In a newspaper column printed on New Year’s day, 1863, Mark Twain wrote:
“Now is the accepted time to make your regular annual good resolutions. Next week you can begin paving hell with them as usual. Yesterday, everybody smoked his last cigar, took his last drink, and swore his last oath. To-day, we are a pious and exemplary community. Thirty days from now, we shall have cast our reformation to the winds and gone to cutting our ancient short comings considerably shorter than ever. We shall also reflect pleasantly upon how we did the same old thing last year about this time.”
Sometimes Twain’s cynicism goes beyond what seems warranted by life in general. (Note his statement that “There are times one would like to hang the whole human race and finish the farce.”) But in this case, I know his assessment is accurate for many of the people who make New Year’s resolutions. I’ve certainly abandoned my share of virtuous intentions.
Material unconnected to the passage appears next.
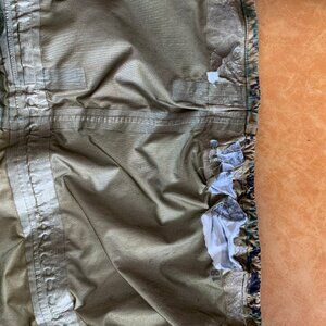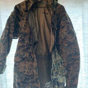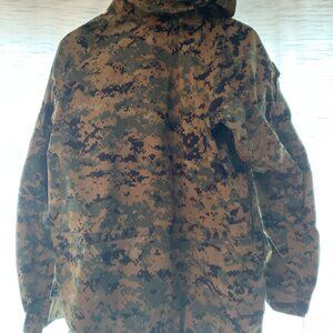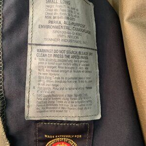 This is a great rain/water/snow proof jacket! Size "Small, Long". Wear it to protect yourself from the elements, and your enemies! This is a remnant of gear that I acquired while in the Marine Corps, and it is exactly what you would expect. Unfortunately some well intentioned, but dim-witted jarhead tried to put this article through the washer and dryer, and melted a bit of the seam protection at the bottom of the jacket (see last pic). This should not impact the performance of the jacket, and the price reflects the worn nature of the piece. Enjoy!

Of course, there are people who do keep their resolutions. (These may be the same people who clean their gutters twice a year, change their furnace filters every month, and floss daily.) I was just looking up a recipe for cooking a whole chicken in the crock pot. I found one on a blog called “A Year of Slow Cooking: A New Year’s Resolution to Use the Slow Cooker Every Day in 2008.” The chicken recipe is from October 21—recipe number 295.
I am not optimistic about my ability to do anything (beyond breathing, eating, and possibly sleeping) for 365 days a year, so I hesitate to participate in the annual resolution ritual. Why make resolutions I know I probably won’t keep anyway?
Well, because in our culture of perpetual blaming and responsibility shirking, New Year’s resolutions may be the last bastion of responsible adulthood left.
It’s sort of amazing, really, that this tradition has persisted in the United States into the 21st Century. My husband and I got a new coffee maker for Christmas, and the directions actually tell me to not place the thing “in a heated oven.” I can only imagine this warning is in the instruction manual because someone at some time put the thing in a heated oven and then sued the company when it ceased to make coffee. Somehow it was the company’s fault that the consumer had ruined their partially plastic appliance by placing it a hot oven.
That’s the kind of thing people in our culture tend to do when something goes wrong—blame someone else. But this one time-honored and often-mocked tradition forces us into a different mindset.
When I make a New Year’s resolution, I recognize that some of what is not ideal in my life is connected to the choices that I make and the actions that I take. I can’t blame everything on cranky kids, environmental toxins, or the Republicans.
When I make a New Year’s resolution, I live out the wisdom that has been impressed upon me since childhood: I can only change myself.
Truth be told, if I had a choice I would prefer to make New Year’s resolutions for other people. My six-year-old would resolve to start using her “big girl talking voice” more often. My thirteen-year-old would resolve to do his homework without being told. My husband would resolve to cook dinner once a week. I mean, I could really get into making resolutions for other people.
But that’s not how it works. I am only allowed to make New Year’s resolutions for myself.
And this year, I think I will.
Some of you out there might actually manage to keep your New Year’s resolutions throughout 2011. (And if you would, send me reminders when it’s time to clean out my gutters and change my furnace filter.)
I’m pretty sure that many of my good intentions will fall by the wayside before this time next year. Probably long before.